It missed known bugs. It got severity calls wrong. Its fix proposals contained technical errors. The original version beat it across every core task.

But It Was Different in Other Ways

The refined version led significantly in one dimension: component gap checking.

Pre-release testing isn’t just about finding bugs in individual components. It’s about catching mismatches where components meet. Can the downstream component handle the data format coming in? If this component crashes, does the next one know? Are they reading the same configuration?

The original version checked 3 component interaction pairs. The refined version checked 6 — double.

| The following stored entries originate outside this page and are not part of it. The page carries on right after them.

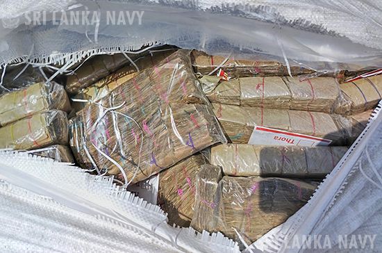 The operation was carried out by SLNS Suranimila, attached to the Western Naval Command, during a patrol off Chilaw. During the operation, the ship detected and intercepted a suspicious dinghy making an approach towards the coast. Upon inspection, the dinghy was found to be carrying 56 sacks of Kendu leaves, weighing about 1,680 kilograms (wet weight).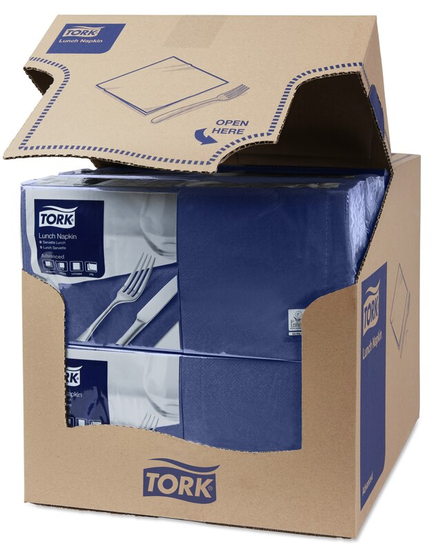 Třívrstvý obědový ubrousek Tork z celulozy, v barvě slonové kosti a kvalitě Advanced.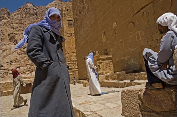 SAINT CATHERINE, EGYPT: A bedouin man prays outside the entrance of the Monastery of St. Catherine as other

The original version only looked at direct calls between adjacent components. The refined version also caught indirect data flows — Component A writes data, Component B reads it from shared storage, no direct call between them but an implicit dependency. One of those implicit data flows exposed a real architectural issue.

There was another difference. Same bug, different framing. The original version flagged “this file has risk.” The refined version flagged “this pattern appears in multiple places across the project.”

The original version saw a single bug. The refined version saw a bug pattern.

And execution order analysis: same bug in a check routine. The original version found it and said “this check is too blunt — it clears data it shouldn’t.” The refined version also found it, but pushed one step further: the blunt check caused an early exit, so a more precise check downstream never ran at all.

The issue wasn’t that the precise check made a bad judgment. The issue was that it got skipped entirely.

What Those Differences Point to

What the original version does well — drilling deep on a single bug, running a five-layer drill-down to root cause, pairing every finding with concrete fix code — those are the core tasks of Phase 6. The refined version regressed on exactly those tasks.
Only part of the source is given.